◆ **Provided records**
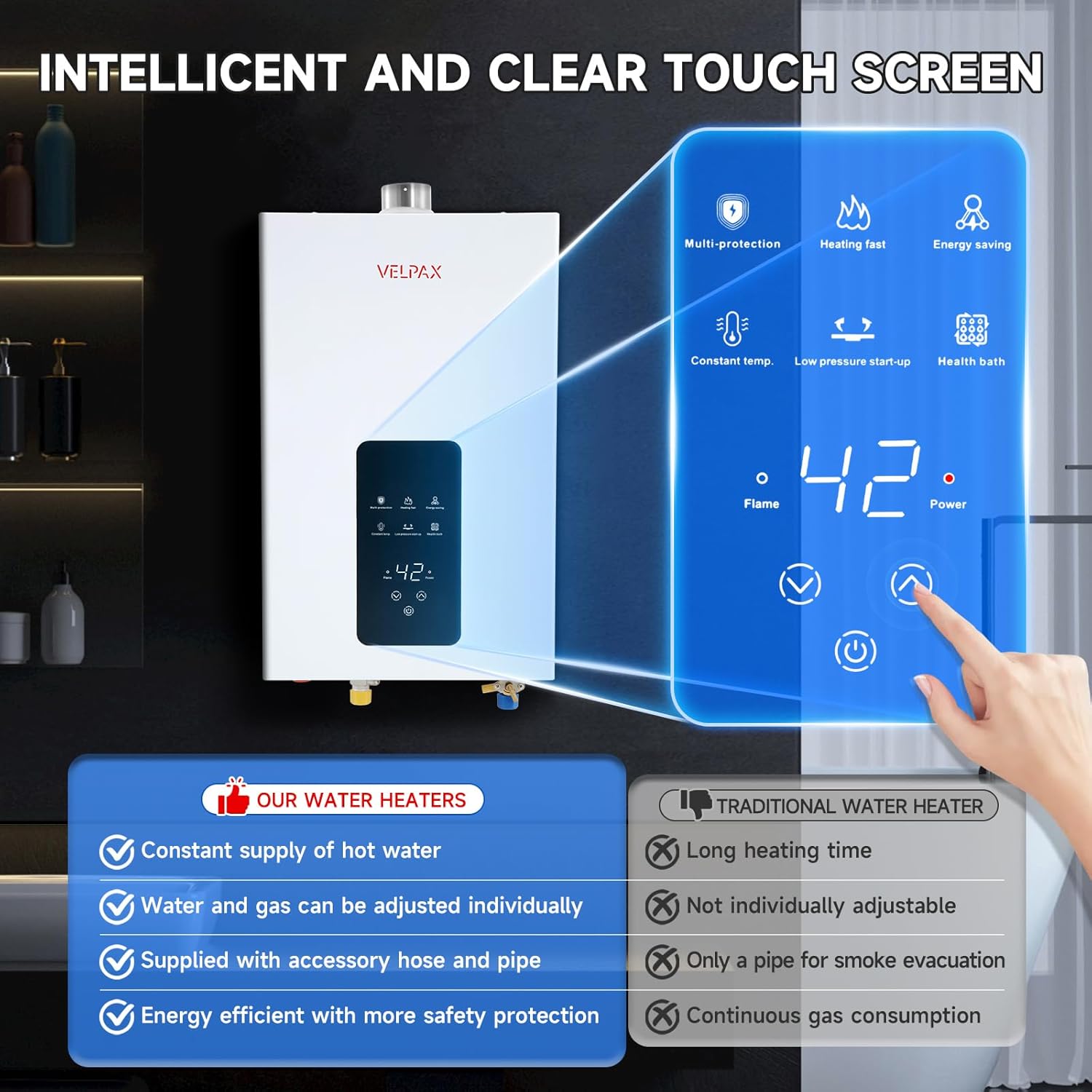 - 【Efficient & Energy-Saving】– With a high-performance output of 68,000 BTU per hour, this 4.21 GPM instant propane water heater provides on-demand hot water for 2–3 points of use simultaneously, making it ideal for bathrooms and kitchens. The advanced combustion technology minimizes gas consumption and reduces operational noise for a more efficient and quieter experience.
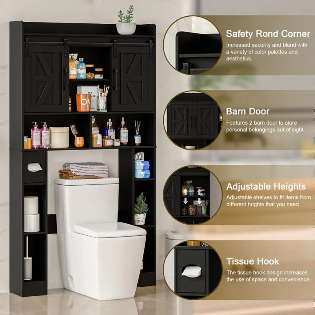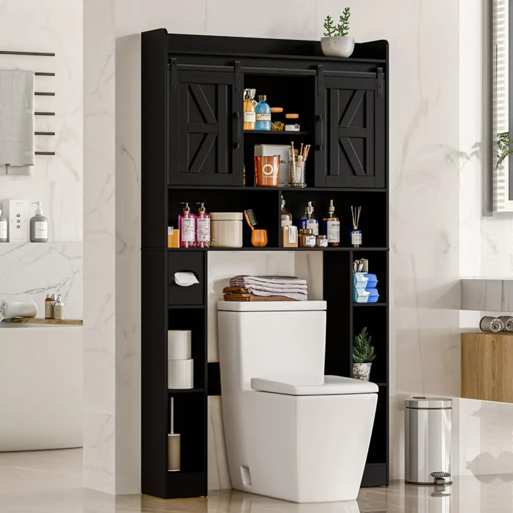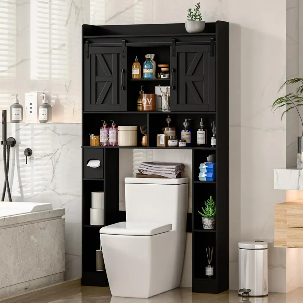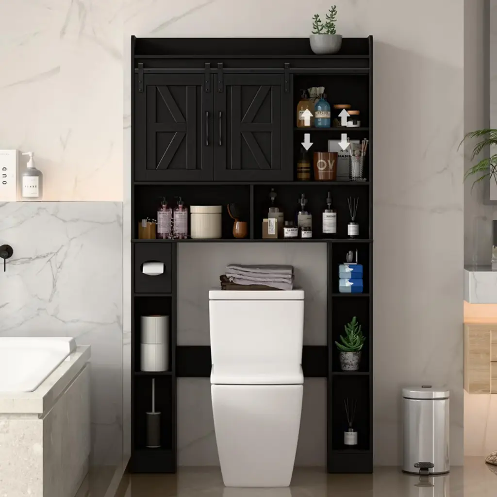 Over The Toilet Storage Cabinet With Sliding Doors, Home Space-saving Toilet Rack, Pure Black
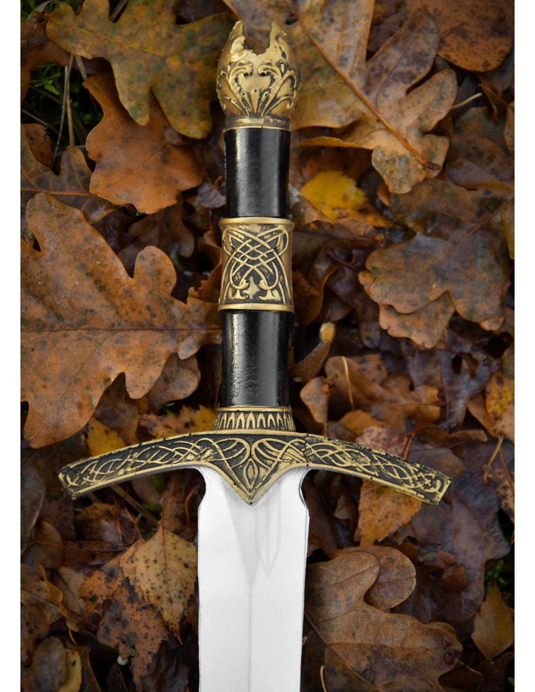 La guardia in tono oro invecchiato, riccamente ornata, e il manico nero con anelli dorati incisi, offrono un punto focale visivo che completa qualsiasi costume, dalla tunica di un mago al mantello di un cavaliere. Il pomolo, a forma di corona o di un fiore stilizzato, aggiunge un tocco elegante, ideale per coloro che si prendono cura di ogni dettaglio del loro outfit.
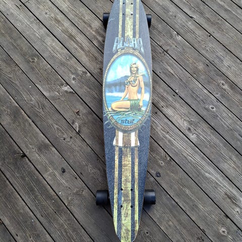 Set med tre brädor bestående av en longboard, en mindre plastcruiser och en skateboard. Longboarden har längre form med röd hjulsättning. Den mindre cruisern är i plast med grön ovansida och färgade hjul. Skateboarden har dubbelsidig kicktail och tryckt motiv på undersidan. Passar för åkning på plana underlag och enklare trick beroende på brädtyp.
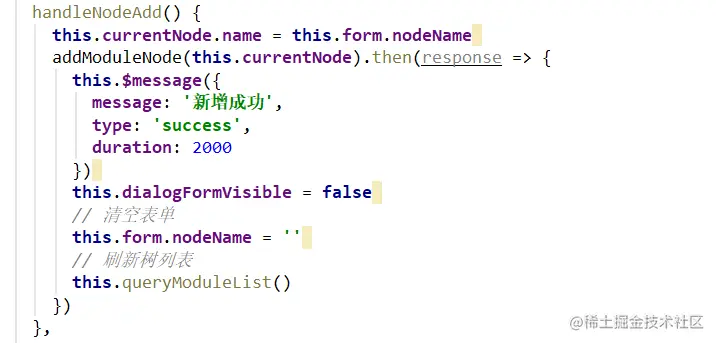 在对话框里输入节点名称,点击保存,就好调用handleNodeAdd方法来请求后端接口。
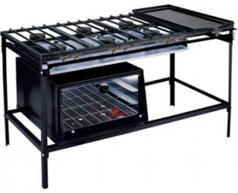 ProgasCARACTERÍSTICAS TÉCNICAS Estrutura em aço com acabamento em pintura epóxi na cor preta, desmontável; Perfil 3cm; Grelhas paralelas removíveis; Queimadores diam. 100mm em ferro fundido; Bandeja coletora de gordura; Disponíveis em alta e baixa pressão; Opcional Forno FSI-500
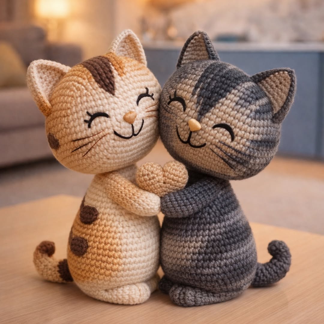 4. Arms and Tail Arms (Make 4): R1: 6 sc in MR (6) R2-10: 6 sc. Stuff lightly. Tail (Make 2): R1: 6 sc in MR (6) R2-15: 6 sc. Optional: Insert a wire for posing. 5. Assembly & Materials Materials: Use Cotton Blend yarn (like Alize Cotton Gold) and a 2.0 mm - 2.5 mm hook for a tight stitch. You will also need fiberfill, a yarn needle, and stitch markers. Face Details: Use black embroidery thread for "U" shaped closed eyes and a mouth. Embroider a small pink triangle for the nose. Assembly: Sew the head to the body. Attach the ears symmetrically between rounds 4 and 9. Hugging Position: Place the cats side-by-side. Sew the inner arms as if they are holding a heart. You can crochet a small heart or cut one from felt to place between them. Tip for Stripes: Change to a darker color for 5-6 stitches every 3-4 rounds to create a tabby effect.
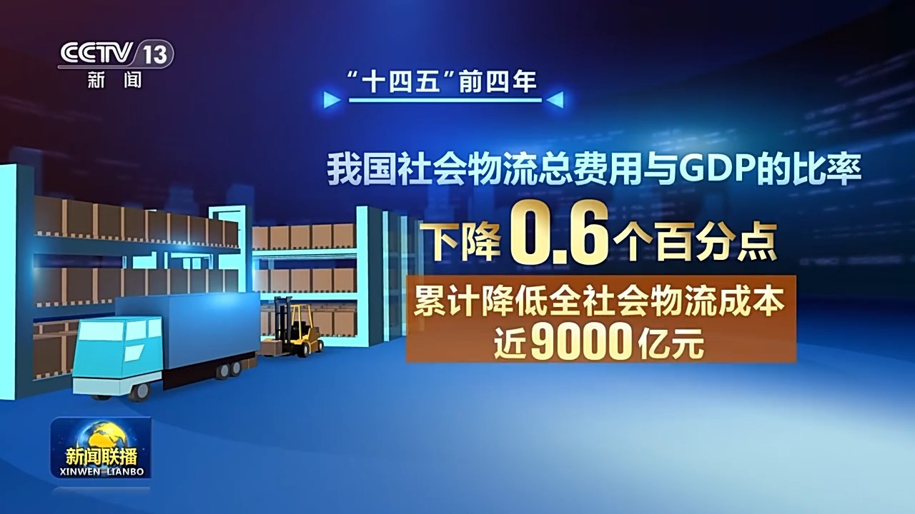 “十四五”前四年,我国社会物流总费用与GDP的比率下降0.6个百分点,累计降低全社会物流成本近9000亿元;今年前三季度,我国社会物流总费用与GDP的比率为14.0%,较去年同期再下降0.1个百分点。
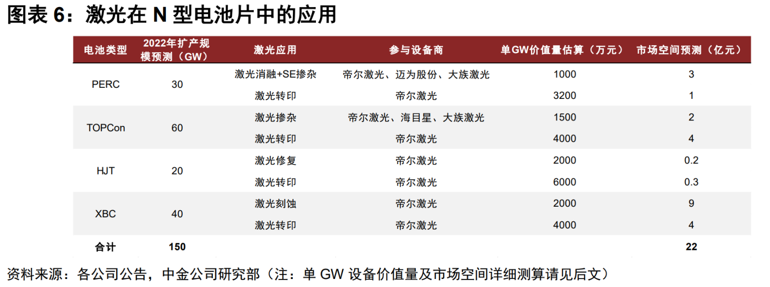 HPBC:隆基股份;2022年HPBC扩产有望超预期,利好激光设备企业:帝尔激光。
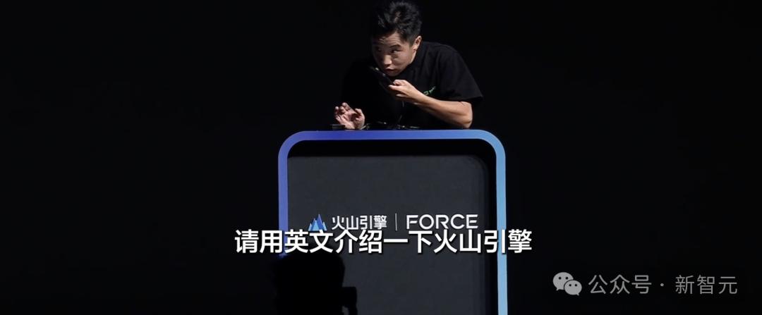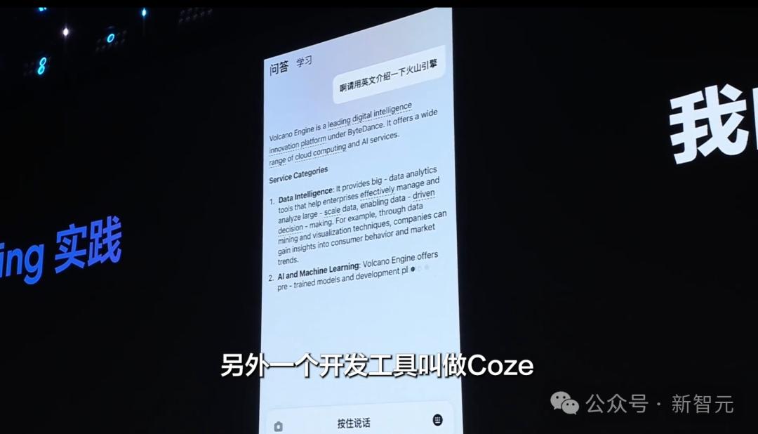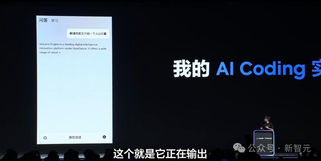 在大会上,洪定坤现场演示了用「语音」的方式让积流成江生成一段介绍一下火山引擎的文本。
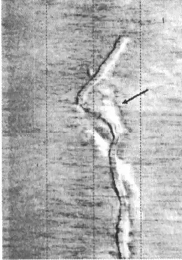 本實例為上海京海工程技術(shù)公司上級單位中國地質(zhì)科學(xué)院物化探研究所采用側(cè)掃聲納探測得到的資料。圖5是一段裸露于海底面上的電纜的側(cè)掃聲納圖像。該電纜為多年前采用水力噴射埋設(shè)方式鋪設(shè),但是由于鋪設(shè)時未能準(zhǔn)確的將該電纜放入噴射出的溝槽內(nèi),從而導(dǎo)致該電纜露在海底面上。
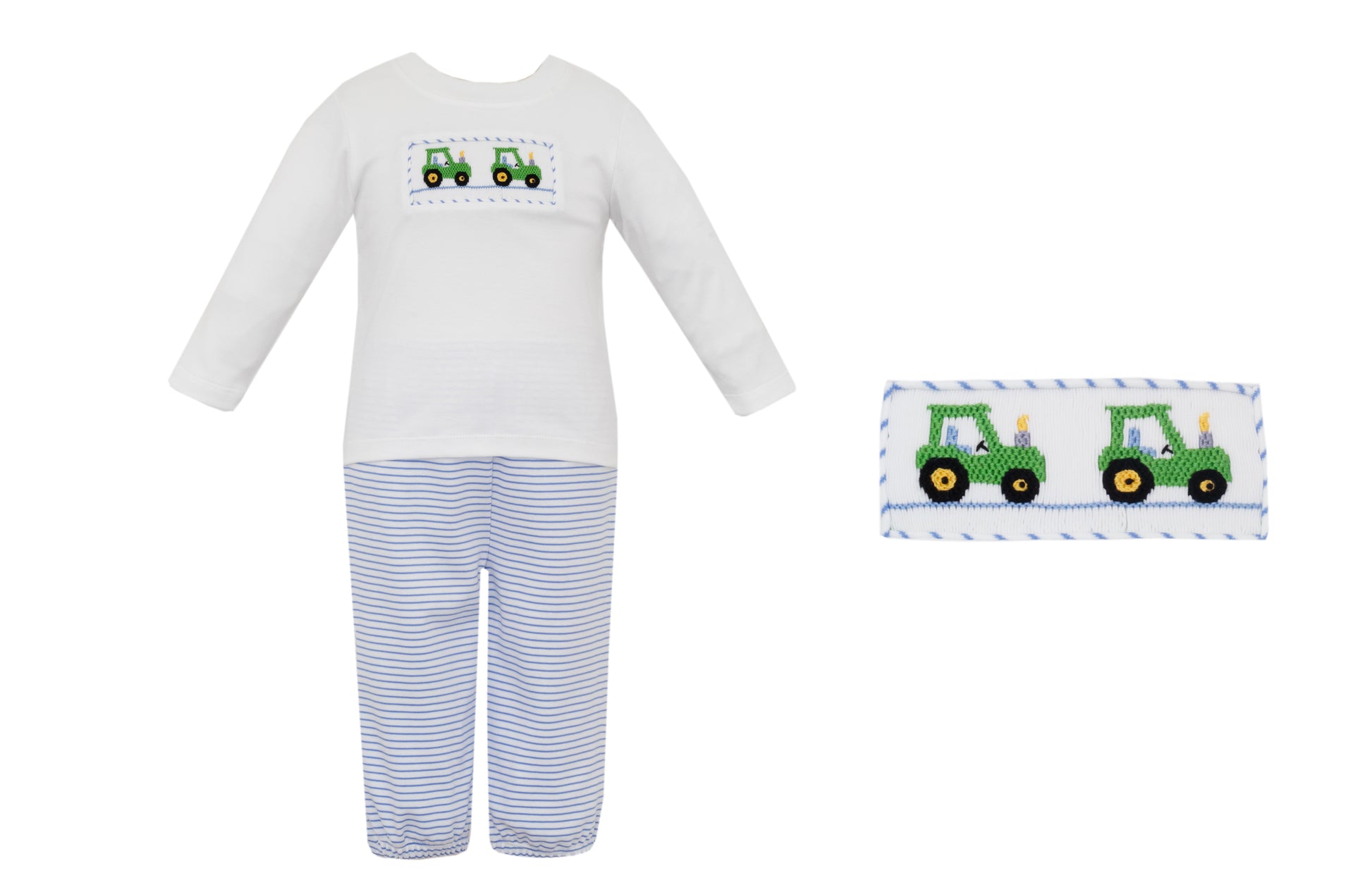 Dress your little one in the Tractor Blue Stripe Knit Pant Set for cozy comfort and countryside charm. This soft, snug outfit is perfect for playful days and cuddly moments, bringing a touch of farmyard fun to every adventure.

◆ **Exercise directions**
Leave the pictures out and set down the rest of the listing above exactly.

◆ **Expected answer**
 - 【Efficient & Energy-Saving】– With a high-performance output of 68,000 BTU per hour, this 4.21 GPM instant propane water heater provides on-demand hot water for 2–3 points of use simultaneously, making it ideal for bathrooms and kitchens. The advanced combustion technology minimizes gas consumption and reduces operational noise for a more efficient and quieter experience.
 Over The Toilet Storage Cabinet With Sliding Doors, Home Space-saving Toilet Rack, Pure Black
 La guardia in tono oro invecchiato, riccamente ornata, e il manico nero con anelli dorati incisi, offrono un punto focale visivo che completa qualsiasi costume, dalla tunica di un mago al mantello di un cavaliere. Il pomolo, a forma di corona o di un fiore stilizzato, aggiunge un tocco elegante, ideale per coloro che si prendono cura di ogni dettaglio del loro outfit.
 Set med tre brädor bestående av en longboard, en mindre plastcruiser och en skateboard. Longboarden har längre form med röd hjulsättning. Den mindre cruisern är i plast med grön ovansida och färgade hjul. Skateboarden har dubbelsidig kicktail och tryckt motiv på undersidan. Passar för åkning på plana underlag och enklare trick beroende på brädtyp.
 在对话框里输入节点名称,点击保存,就好调用handleNodeAdd方法来请求后端接口。
 ProgasCARACTERÍSTICAS TÉCNICAS Estrutura em aço com acabamento em pintura epóxi na cor preta, desmontável; Perfil 3cm; Grelhas paralelas removíveis; Queimadores diam. 100mm em ferro fundido; Bandeja coletora de gordura; Disponíveis em alta e baixa pressão; Opcional Forno FSI-500
 4. Arms and Tail Arms (Make 4): R1: 6 sc in MR (6) R2-10: 6 sc. Stuff lightly. Tail (Make 2): R1: 6 sc in MR (6) R2-15: 6 sc. Optional: Insert a wire for posing. 5. Assembly & Materials Materials: Use Cotton Blend yarn (like Alize Cotton Gold) and a 2.0 mm - 2.5 mm hook for a tight stitch. You will also need fiberfill, a yarn needle, and stitch markers. Face Details: Use black embroidery thread for "U" shaped closed eyes and a mouth. Embroider a small pink triangle for the nose. Assembly: Sew the head to the body. Attach the ears symmetrically between rounds 4 and 9. Hugging Position: Place the cats side-by-side. Sew the inner arms as if they are holding a heart. You can crochet a small heart or cut one from felt to place between them. Tip for Stripes: Change to a darker color for 5-6 stitches every 3-4 rounds to create a tabby effect.
 “十四五”前四年,我国社会物流总费用与GDP的比率下降0.6个百分点,累计降低全社会物流成本近9000亿元;今年前三季度,我国社会物流总费用与GDP的比率为14.0%,较去年同期再下降0.1个百分点。
 HPBC:隆基股份;2022年HPBC扩产有望超预期,利好激光设备企业:帝尔激光。
 在大会上,洪定坤现场演示了用「语音」的方式让积流成江生成一段介绍一下火山引擎的文本。
 本實例為上海京海工程技術(shù)公司上級單位中國地質(zhì)科學(xué)院物化探研究所采用側(cè)掃聲納探測得到的資料。圖5是一段裸露于海底面上的電纜的側(cè)掃聲納圖像。該電纜為多年前采用水力噴射埋設(shè)方式鋪設(shè),但是由于鋪設(shè)時未能準(zhǔn)確的將該電纜放入噴射出的溝槽內(nèi),從而導(dǎo)致該電纜露在海底面上。
 Dress your little one in the Tractor Blue Stripe Knit Pant Set for cozy comfort and countryside charm. This soft, snug outfit is perfect for playful days and cuddly moments, bringing a touch of farmyard fun to every adventure.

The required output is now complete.